╭─ Material shown

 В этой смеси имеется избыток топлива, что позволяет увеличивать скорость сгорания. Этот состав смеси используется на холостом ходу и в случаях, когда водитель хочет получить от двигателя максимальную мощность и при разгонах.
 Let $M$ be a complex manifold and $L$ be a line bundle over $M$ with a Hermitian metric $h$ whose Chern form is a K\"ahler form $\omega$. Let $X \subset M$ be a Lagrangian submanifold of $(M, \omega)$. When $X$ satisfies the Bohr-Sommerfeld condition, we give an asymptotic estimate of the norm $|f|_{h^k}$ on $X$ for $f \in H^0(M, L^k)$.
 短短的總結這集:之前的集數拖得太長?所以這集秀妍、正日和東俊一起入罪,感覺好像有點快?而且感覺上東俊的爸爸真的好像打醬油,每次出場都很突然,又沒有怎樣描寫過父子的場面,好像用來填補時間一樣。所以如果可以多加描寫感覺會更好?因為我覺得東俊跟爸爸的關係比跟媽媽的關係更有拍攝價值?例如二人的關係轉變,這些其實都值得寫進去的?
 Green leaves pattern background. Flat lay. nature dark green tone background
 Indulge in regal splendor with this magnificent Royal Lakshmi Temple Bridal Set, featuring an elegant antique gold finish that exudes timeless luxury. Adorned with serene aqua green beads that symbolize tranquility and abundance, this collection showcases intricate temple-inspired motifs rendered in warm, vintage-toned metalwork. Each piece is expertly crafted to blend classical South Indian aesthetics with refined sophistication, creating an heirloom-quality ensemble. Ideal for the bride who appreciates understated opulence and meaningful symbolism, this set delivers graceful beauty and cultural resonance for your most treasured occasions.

╰─
╭─ Material shown

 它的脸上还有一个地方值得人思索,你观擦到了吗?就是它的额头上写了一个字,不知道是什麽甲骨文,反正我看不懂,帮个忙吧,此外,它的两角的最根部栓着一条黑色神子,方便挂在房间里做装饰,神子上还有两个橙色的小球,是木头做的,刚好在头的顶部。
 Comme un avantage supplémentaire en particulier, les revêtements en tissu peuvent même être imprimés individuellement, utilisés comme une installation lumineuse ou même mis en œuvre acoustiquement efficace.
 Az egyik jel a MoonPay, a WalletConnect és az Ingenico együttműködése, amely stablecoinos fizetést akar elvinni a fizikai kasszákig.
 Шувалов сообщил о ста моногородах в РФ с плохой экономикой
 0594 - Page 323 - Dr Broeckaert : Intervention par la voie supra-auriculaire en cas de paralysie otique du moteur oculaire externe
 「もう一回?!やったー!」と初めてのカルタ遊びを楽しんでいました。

╰─

Your answer should consist of all lines above that include the string "green".

 Green leaves pattern background. Flat lay. nature dark green tone background
 Indulge in regal splendor with this magnificent Royal Lakshmi Temple Bridal Set, featuring an elegant antique gold finish that exudes timeless luxury. Adorned with serene aqua green beads that symbolize tranquility and abundance, this collection showcases intricate temple-inspired motifs rendered in warm, vintage-toned metalwork. Each piece is expertly crafted to blend classical South Indian aesthetics with refined sophistication, creating an heirloom-quality ensemble. Ideal for the bride who appreciates understated opulence and meaningful symbolism, this set delivers graceful beauty and cultural resonance for your most treasured occasions.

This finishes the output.